Analyse. Alors que la crise nord-coréenne s’exacerbe dans une spirale provocations-sanctions, le débat sur la sécurité régionale refait surface en Asie. Mais ce regain d’intérêt ne changera rien aux rapports de force entre les puissances dans la mesure où le poids contradictoire des mémoires nationales, les représentations antinomiques de la sécurité et l’absence de mesures de confiance entre les acteurs empêchent toute construction d’une architecture panrégionale de la sécurité dans le Pacifique.
La sécurité régionale en Asie est non seulement « une vieille idée qui n’a jamais progressé depuis quinze ans », rappelle François Godement, chercheur au think tank European Council of Foreign Relations. Mais « deux approches opposées de la sécurité coexistent » ajoute Valérie Niquet, maître de recherches à la Fondation pour la recherche stratégique (FRS). Il existe une approche américaine, fondée sur un système d’alliances hérité de la guerre froide mais dénoncé par la Chine, et une approche chinoise, fondée sur la sécurité régionale sans les acteurs étrangers au nom du slogan « l’Asie aux Asiatiques ».
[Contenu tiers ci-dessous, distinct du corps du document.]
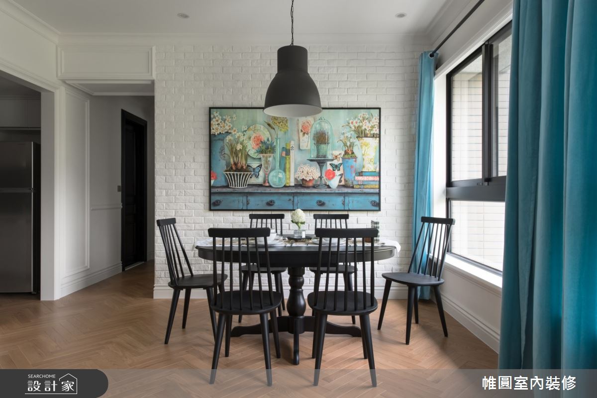 來自帷圓室內裝修有限公司的80坪鄉村風住宅案,是一間單層新成屋(5年以下)的四房格局,設計師藉由建材以花磚、海島型木地板、線板、水磨石的搭配應用,實現一家人的理想生活。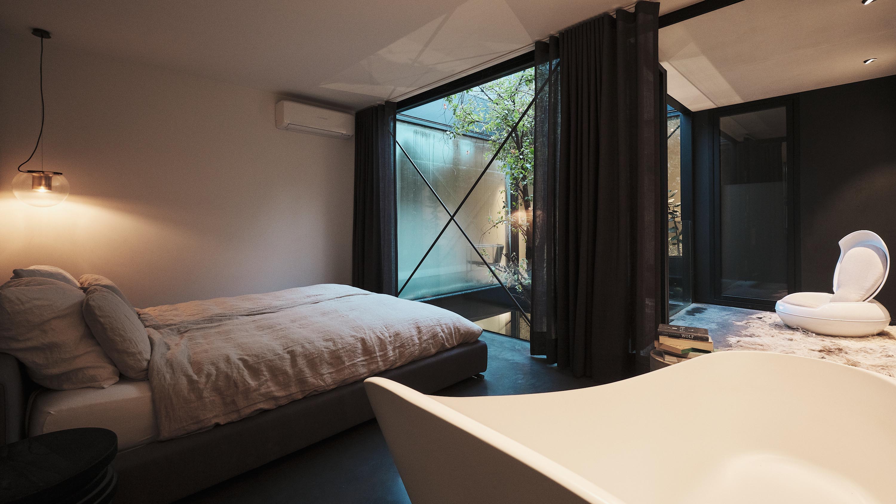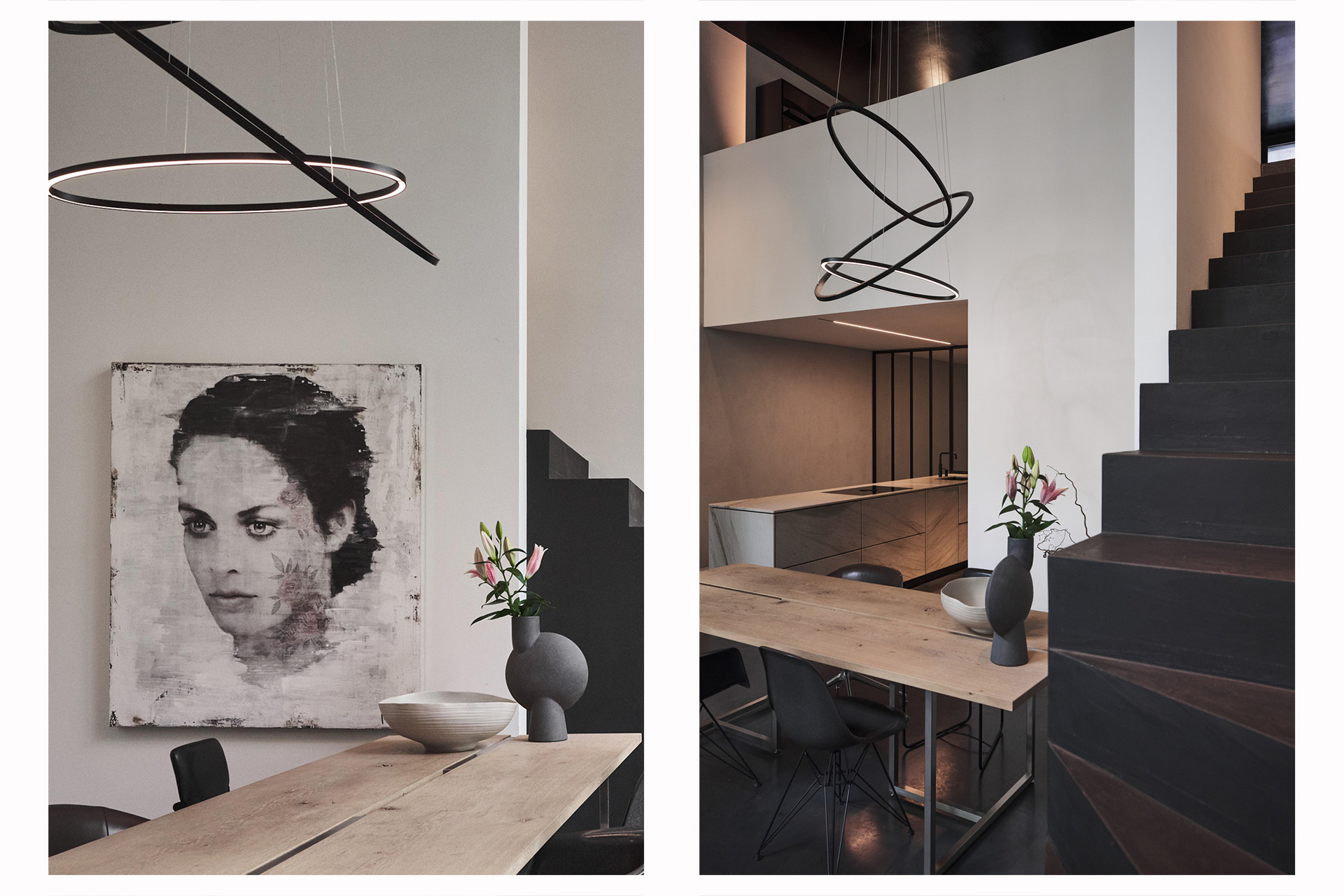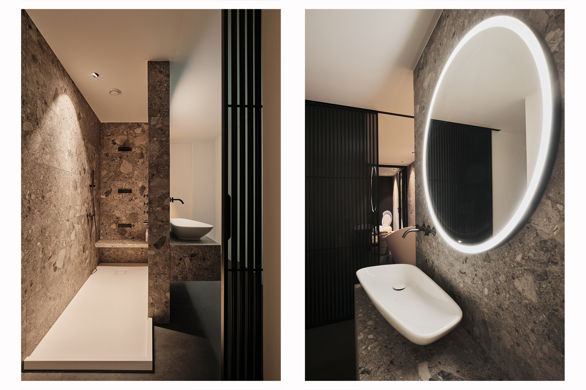 What makes this project particularly special is that the residence and presentation space share the same design mentality, yet were consciously designed as two independent entities. They function completely separately, each with its own character, rhythm, and purpose.

Tout consensus entre un système maritime et un système continental est à bannir. Les Etats-Unis craignent depuis le XXe siècle d’être écartés d’Asie ; et, quand bien même ils le seraient, leurs alliés verraient d’un mauvais œil ce retrait américain, car ils ne veulent pas se retrouver seuls face à Pékin. Quant à la Chine, qui par la force des choses a accepté depuis 1945 la présence américaine en Asie, la donne a changé depuis sa montée en puissance sur la scène mondiale. Les Chinois sont persuadés, analyse l’historien Pierre Grosser, auteur de L’histoire du monde se fait en Asie (Odile Jacob, 656 p., 39 euros), que leur modèle est « bon pour la paix, la prospérité et n’est pas intrusif, contrairement au modèle américain ».
« La confiance n’existe pas »
Comment dès lors surmonter cette impasse ? Par la création d’un nouveau mécanisme de concertation régionale ? L’Asie n’en manque pas ; au contraire même, rappelle Delphine Allès, spécialiste de l’Asie du Sud-Est, elle est la zone du monde où se superposent le plus d’organisations régionales. Mais, ajoute-t-elle, « ces formations n’ont aucune force contraignante et fonctionnent sur le mode de la coopération et non de l’intégration ». Ce sont des forums ou « des usines à parlotte », ironise Pierre Grosser. Et à partir du moment où la sécurité nationale l’emporte sur le partage des responsabilités, l’intégration devient un mot creux.